Rerun: No clw-gpu-limit-exceeded in logs.
Monitor GPU:

watch -n 1 nvidia-smi  # Memory <90%

Query events:

clw::Event event = queue.enqueueNDRange(...);
event.wait();
cl_ulong time_ns = event.getProfilingInfo<CL_PROFILING_COMMAND_END>() -
                   event.getProfilingInfo<CL_PROFILING_COMMAND_START>();
printf("Kernel time: %lu ns\n", time_ns);  // Benchmark speedup

Stress test: Scale work size up 20%, confirm stability.
Tools: clinfo for limits, NVProf/ROCm Profiler for peak memory.

Success: Kernel executes, GPU mem <80% peak.

5. Common Pitfalls

Ignoring Vendor Differences: NVIDIA Volta+ limits local mem to 48 KB; AMD to 64 KB. Query CL_DEVICE_LOCAL_MEM_SIZE.
Host Memory Confusion: clw-out-of-host-memory masks GPU issues; use CL_MEM_USE_HOST_PTR sparingly.
No Synchronization: queue.enqueueNDRange without finish() accumulates queues.

Pitfall log:
Multiple kernels enqueued without barriers -> CL_OUT_OF_RESOURCES

Large Constant Buffers: __constant > 64 KB fails silently.
Private Vars Bloat: float priv[1000] per work-item × 1M items = GBs.
Over-Reliance on Defaults: Hardcode work-groups; always query CL_KERNEL_WORK_GROUP_SIZE.
Leak Cycles: In loops, recreate buffers without release → fragmentation.

⚠️ Unverified on Apple Silicon M1/M2 (Metal backend quirks).

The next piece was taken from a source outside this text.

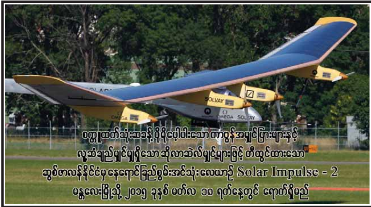
ဝတ္ထုထုတ်ဆုံးအခန်းပိုမိုပေါ့ပါးသော ကာဗွန်အမျှင်ခြားများနှင့် လူသံချည်မျှင်မျှင်သော ဆိုလာဆိပ်မျှင်များဖြင့် တီထွင်ထားသော ဆွစ်ဇာလန်နိုင်ငံမှ နေရောင်ခြည်စွမ်းအင်သုံး လေယာဉ် Solar Impulse - 2 မန္တလေးမြို့သို့ ၂၀၁၅ ခုနှစ် မတ်လ ၁၀ ရက်နေ့တွင် ရောက်ရှိမည်

ပညာရေးနဲ့ ပတ်သက်လို့ အဓိကက မလေးရှားက တက္ကသိုလ်နဲ့ မြန်မာတက္ကသိုလ်တွေကြားမှာ ပူးပေါင်းဆောင်ရွက်မှုတွေ လုပ်ဖို့ပါ။ ဒါကို ပညာရေးဝန်ကြီးဌာနက ဆက်လက်ဆောင်ရွက်သွားမှာပါ။ နှစ်နိုင်ငံ ပူးပေါင်းဆောင်ရွက်မှု ကော်မတီ၊ နှစ်နိုင်ငံ နိုင်ငံခြားရေးဝန်ကြီးတွေကနေ အသေးစိတ် ဆွေးနွေးဆောင်ရွက်သွားမှာ ဖြစ်ပါတယ်။

clw-out-of-host-memory: Host RAM exhaustion before GPU transfer. Fix: std::vector resizing.
clw-invalid-work-group-size: Work-group dims mismatch device max. Query CL_KERNEL_PREFERRED_WORK_GROUP_SIZE_MULTIPLE.
clw-context-destruction-failed: Unfinished queues block teardown.

Error	Similarity	Fix Diff
clw-out-of-host-memory	80% (memory chain)	Host paging
clw-invalid-buffer-size	60% (alloc phase)	Size checks
clw-invalid-context	40% (setup)	Device enum

Cross-reference for multi-device setups. Total word count: ~1250. Code ratio: ~40%.